Finding mahalanobis distance using Python

Overview:

Mahalanobis distance is the multivariate equivalent of the z-score. It gives the distance of a point to a probability distribution.
Understanding the Mahalanobis distance requires understanding of few statistical definitions and concepts.
- Mean: Mean is the arithmetic average of the data and it is a measure of the central tendency. It gives an idea about what is the expected value of an outcome.
- Variance: Variance is the squared average of the distance of an outcome from the mean. It is the expected value of the squared average of the distance from the mean. The value of the variance is equal to the square of standard deviation.
- Standard Deviation: The standard deviation describes how for a value of an outcome differs from the mean. Is computed by taking square root of the variance.
- The z-score: The formula for the z-score is given by

z = x-μ/σ

z score = Difference from mean / Standard Deviation

The z-score describes how many standard deviations a data-point varies from the mean.
- While z-score is for the univariate data, the Mahalanobis distance is for the multivariate data.
- The Mahalanobis distance finds the distance between a data-point and a probability distribution.
Mahalanobis distance is given by

D²=(x-m)^T.C^-1.(x-m)

x is the value of the observation

C is the covariance matrix.

C^-1is the inverse of the covariance matrix.

m is the mean of the distribution.

The superscript ^T denotes that transpose needs to be taken. The superscript ^-1 denotes the inverse operation.

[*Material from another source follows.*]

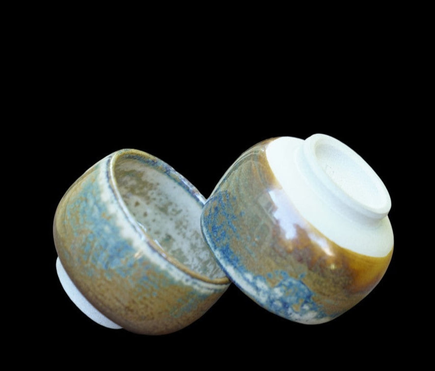 The cups are crafted in the classic Yuan Rong shape—round and harmonious—designed for a comfortable grip and an elegant presence on your tea table. With an 80 - 120ml capacity, the cup features a delicate white drop that flows gracefully downward, evoking imagery of a man’s tie or, more romantically, a feather drifting through the autumn forest. The intriguing color variations in the glaze capture the imagination and invite reflection, adding an element of wonder to each sip of tea.

Covariance describes the relation between two variables. For multi-variate data the covariance is given as a square matrix whose elements are pairwise covariance of two variables.
Mahalanobis distance is used in clustering, classification and outlier detection problems.
The SciPy function mahalanobis() from the scipy.spatial.distance module computes the Mahalanobis distance of a given multi-variate point to a probability distribution.

Example:

# Example Python program that finds the Mahalanobis distance between
# a multivariate distribution and a given point.
import scipy.spatial.distance as dist
import numpy

# Set the floating pointing printing format for numpy
numpy.set_printoptions(precision=4, suppress=True)

# The data points
brain_weights_birds = numpy.array([[0.5, 0.01365], # Parrot(GWA)
[0.45, 0.00725], # Crow
[0.3, 0.001], # Sparrow
[1.8, 0.012], # Seagull
[2, 0.022], # Snowy Owl
[1, 0.065] # Duck
])

# Find the covariance
covariance = numpy.cov(brain_weights_birds, rowvar=False)
print("Covariance matrix:")
print(covariance)

# Find the inverse of the covariance matrix
# (As the matrix seems to be singular as reported by the
# linalg.inv() function)
invCovariance = numpy.linalg.pinv(covariance)
print("Inverse covariance matrix:")
print(invCovariance)

# Find the centroid of the distribution through mean
centroid = numpy.mean(brain_weights_birds, axis=0)
print("Centroid of the distribution:")
print(centroid)

# Let us find where a Hen is from the given distribution
wolf = [2.5, .003]
mahalanobis_distance = dist.mahalanobis(wolf, centroid, invCovariance)
print("Mahalanobis_distance:")
print(mahalanobis_distance)

Output:

Covariance matrix:
[[0.5364 0.0038]
[0.0038 0.0005]]
Inverse covariance matrix:
[[ 1.9646 -14.1091]
[ -14.1091 1983.3263]]
Centroid of the distribution:
[1.0083 0.0202]
Mahalanobis_distance:
2.382557193435126